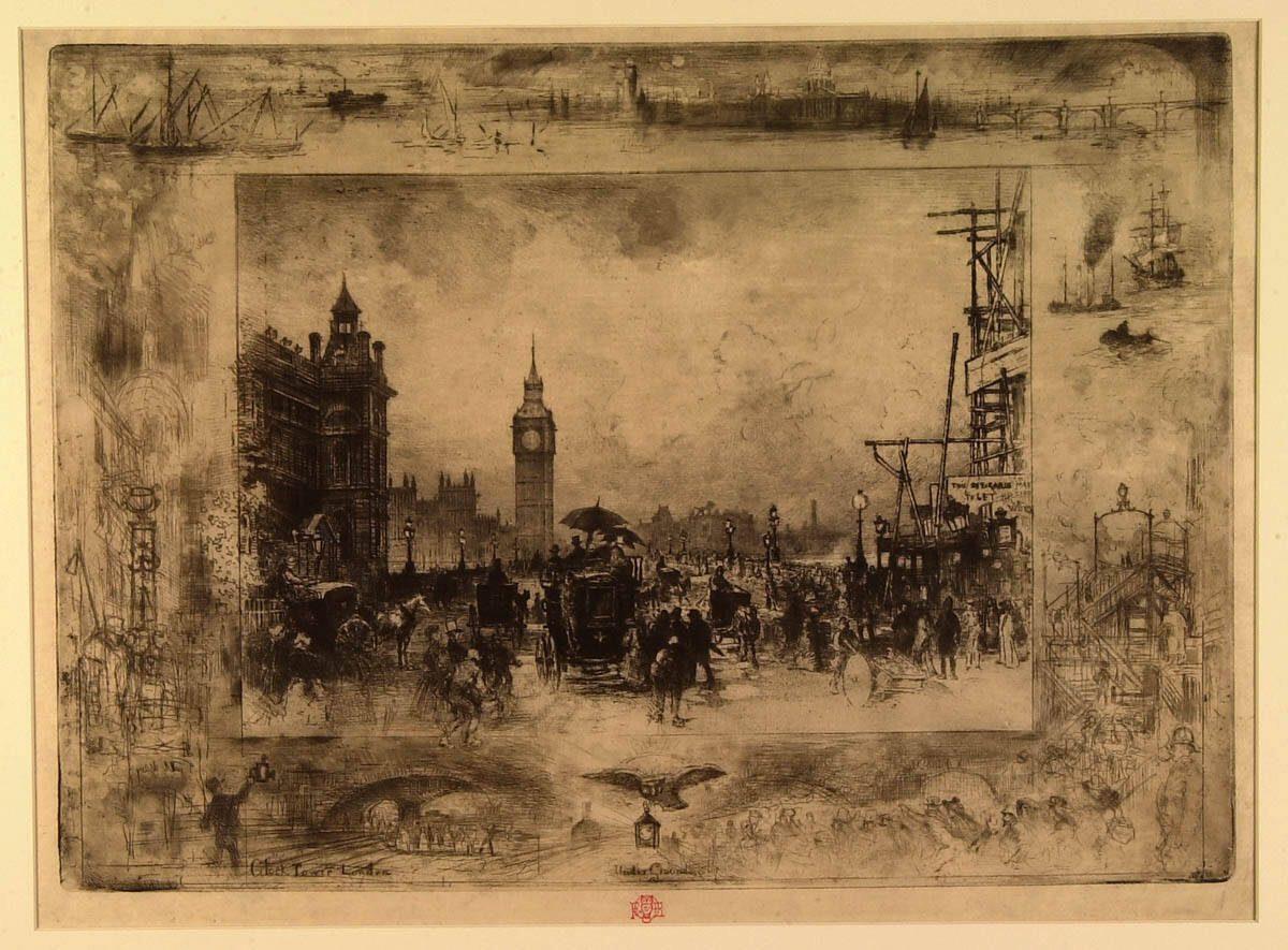 Gustave Bourcard and James Goodfriend, Félix Buhot, catalogue descriptif de son oeuvre gravé (New York: M. Gordon, 1979), no. 156 VI/VIII, pp. 97-98, as Westminster Bridge ou: Westminster Clock Tower.
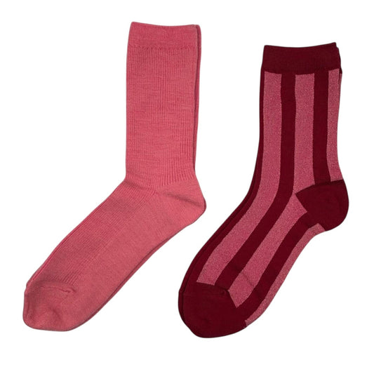Pink Barcelona & Red Berlin sock box duo with embroidered brooch
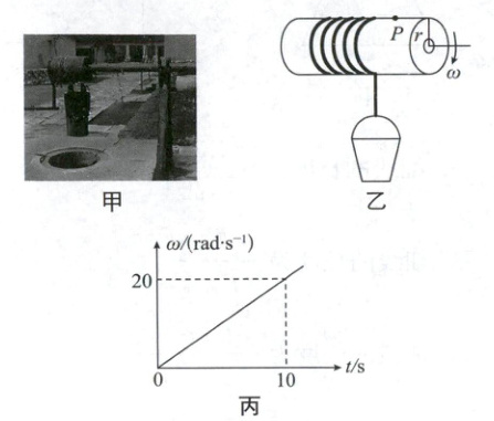 1.C 解析:根据图像丙可知,轮轴角速度随时间变化的关系为$\omega=\frac{20}{10}t(rad/s)=2t(rad/s)$,$t=2.5 s$时,$P$点的角速度大小为$\omega=2×2.5 rad/s=5 rad/s$,故A错误;根据$v=\omega r$,可得$t=5 s$时,水斗的速度大小为$v=2×5×0.1 m/s=1 m/s$,故B错误;轮轴边缘$P$点的速率随时间变化的规律为$v=\omega r=2t×0.1(m/s)=0.2t(m/s)$,故C正确;根据$a=\omega^2r$,可得$t=10 s$时,$P$点的向心加速度大小为$a=(2×10)^2×0.1 m/s^2=40 m/s^2$,故D错误。
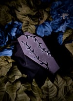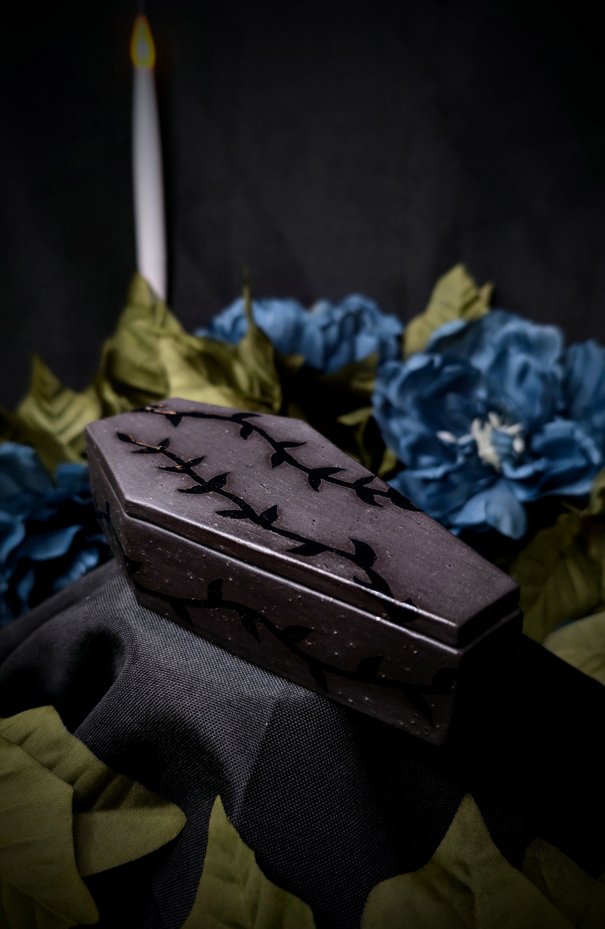 Slab built coffin jar with a sparkly matte black engobe covering the surface inside and out, and a glossy black vine accent on top of the lid and down the sides.

• • • • • • •

Your goal:
Return the material line for line, from its beginning to the line that contains "Pink Barcelona &", with the pictures left out.

Exercise answer:
 Gustave Bourcard and James Goodfriend, Félix Buhot, catalogue descriptif de son oeuvre gravé (New York: M. Gordon, 1979), no. 156 VI/VIII, pp. 97-98, as Westminster Bridge ou: Westminster Clock Tower.
Pink Barcelona & Red Berlin sock box duo with embroidered brooch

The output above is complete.